Thursday, September 06, 2007
Grand Sentinel
After Lake Louise quartzite cragging, we moved to a bigger objective, still quartzite - very interesting and beautifully colored rock. Only 4 pitches, Grand Sentinel stands out like the desert towers in Utah, guarding the Sentinel pass between Mount Temple (a formidable alpine piece from the N side) and Pinnacle Mountain.
The 2.5 hour approach limits crowds. Another Canadian thing - you are required to hike in 4s !!! if not you get fined, all because of the browny creatures - BEARS. Everyone here hikes with a 'bear spray', Canadian version of the thief gas that works as well on humans as on bears...

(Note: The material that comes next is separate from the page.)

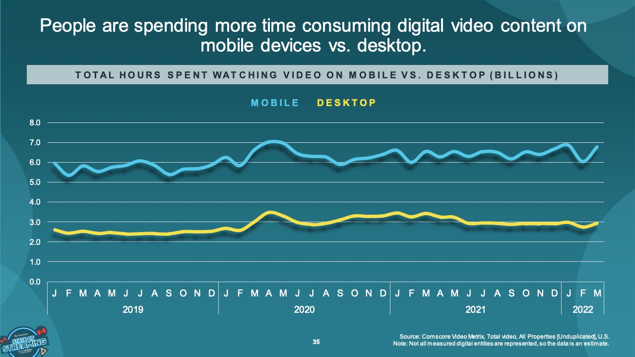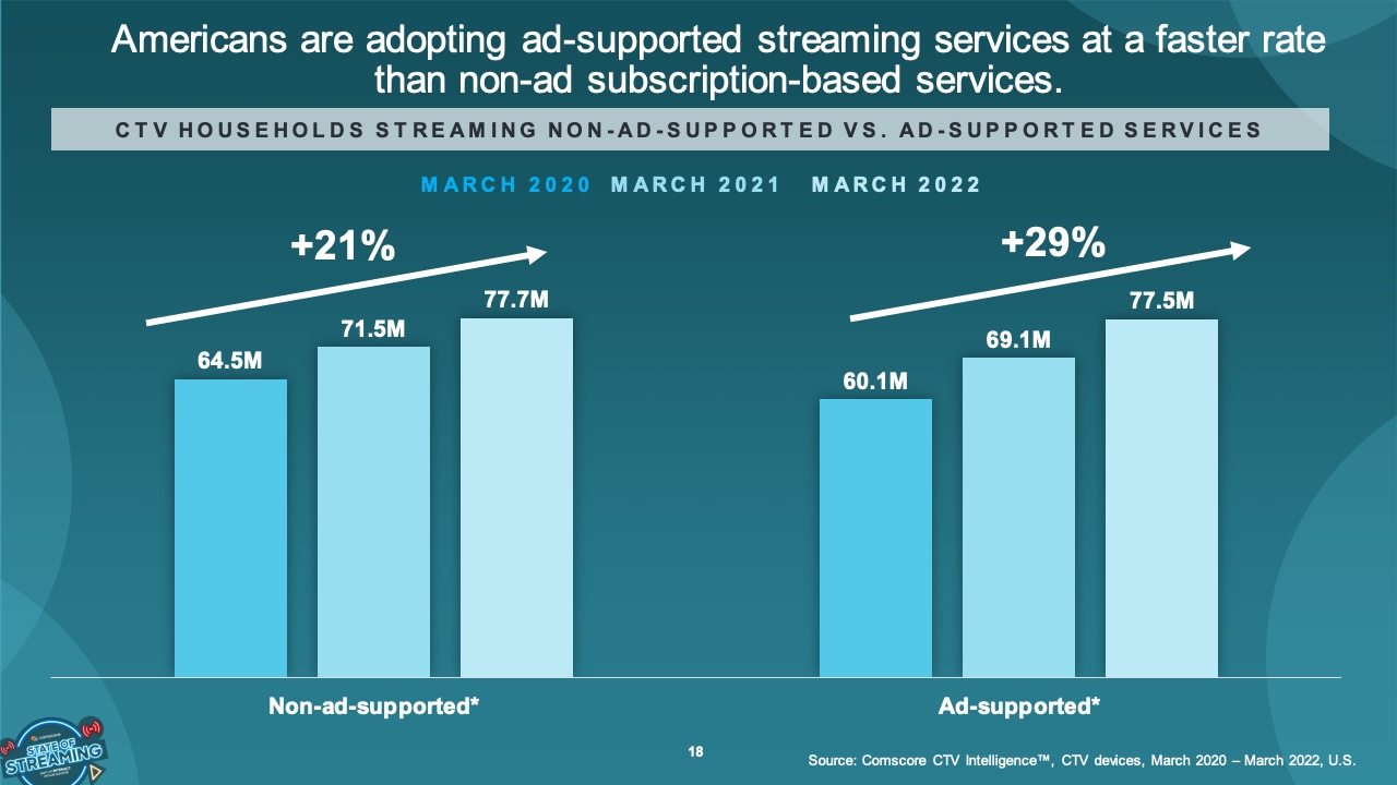 79% 的具备 Wi-Fi 的家庭在 CTV 设备上观看流媒体内容,这样的家庭每月观看流媒体的时间约 122 小时,比 2021 年 3 月增长了 19%。Netflix 的每月观看时间最多,为 43 小时,紧随其后的是 39 小时的 YouTube 和 33 小时的 Hulu。

There are two lines to get to the summit, a trad 5.8 and a sport 10d. We started on the sport line, planning to do the trad line afterwards. But with only 4 pitches the Sentinel got the best out of us and the good intentions for the trad line stayed that, intentions. We watched two girls from the coast do both climbs though - kudos to the strong!
The Cardiac arête is deservedly named, and definitely a climb worth the hike-in. Sustained, crazy exposure from the first pitch on, mind-boggling 2nd pitch. The top is the biggest surprise - it's just big enough for two, and feels like it's all going to fall off in a matter of minutes - a big rock pile on top of a 100m spire. FUN!!!
Here is Micah following the second pitch with Sentinel’s shadow on the left, and afterwards me on the top of the rock pile - and the top of the world, as far as we were concerned that day.
And this is the wonderful wonderful view of the Moraine lake, part of the approach pleasures.